[dbus] add project.yaml #8699
[dbus] add project.yaml #8699
Conversation
It's a follow-up to https://seclists.org/oss-sec/2022/q4/7 dbus is the reference implementation of D-Bus, a message bus for communication between applications and system services: https://www.freedesktop.org/wiki/Software/dbus/. It's used by default on at least Debian and Ubuntu and among other things it's also a recommended systemd runtime dependency. Combined with google#7860 it should hopefully fully cover the most popular system dbus daemons. The dbus project also provides the libdbus library used by a lot of projects directly or via various bindings so it should help to cover them too.
|
Can i merge this? |
|
@jonathanmetzman I'd wait for @smcv before merging this or rolling out any fuzz targets. |
|
@jonathanmetzman on a somewhat related note I wonder if there're projects using CFLite to test various branches on GitLab by analogy with how |
|
Please don't proceed with this until I have had time to look into this from the dbus side. There is currently nobody whose main job is dbus, so responding to those fuzzer-detected vulnerabilities has already taken up a lot of my time budget for dbus work recently. |
|
I'll go ahead and close it. I fuzz dbus elsewhere. |
|
Sorry to see this :-( |
|
@jonathanmetzman I think if it was possible to turn off the 90-day disclosure it would be easier to bring projects like dbus to OSS-Fuzz to make it easier to fix issues at their pace. That being said even if it was possible the fuzz targets would still be public (and that would bring "researchers" running them and reporting the same issues over and over again.
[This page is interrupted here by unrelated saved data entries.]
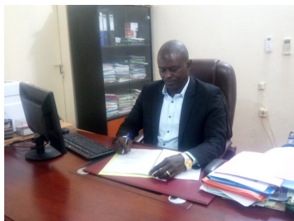
Directeur Régional de la DRPSIAP de Sikasso

Une bonne planification du développement passe par l'utilisation des données de qualité et régulièrement mises à jour.
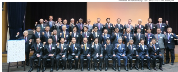
▲ 賛同者拡大ミーティングの様子
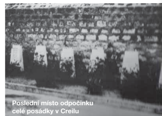
Poslední místo odpočinku celé posádky v Creilu
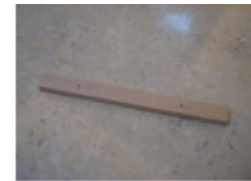
1 x Presskorb (E)

As far as I can remember elfutils got issues like that once its fuzz targets were integrated and libbpf has received several reports like that this month). |
It's a follow-up to https://seclists.org/oss-sec/2022/q4/7
dbus is the reference implementation of D-Bus, a message bus for communication between applications and system services: https://www.freedesktop.org/wiki/Software/dbus/. It's used by default on at least Debian and Ubuntu and among other things it's also a recommended systemd runtime dependency. Combined with #7860 it should hopefully fully cover the most popular system dbus daemons. The dbus project also provides the libdbus library used by a lot of projects directly or via various bindings so it should help to cover them too.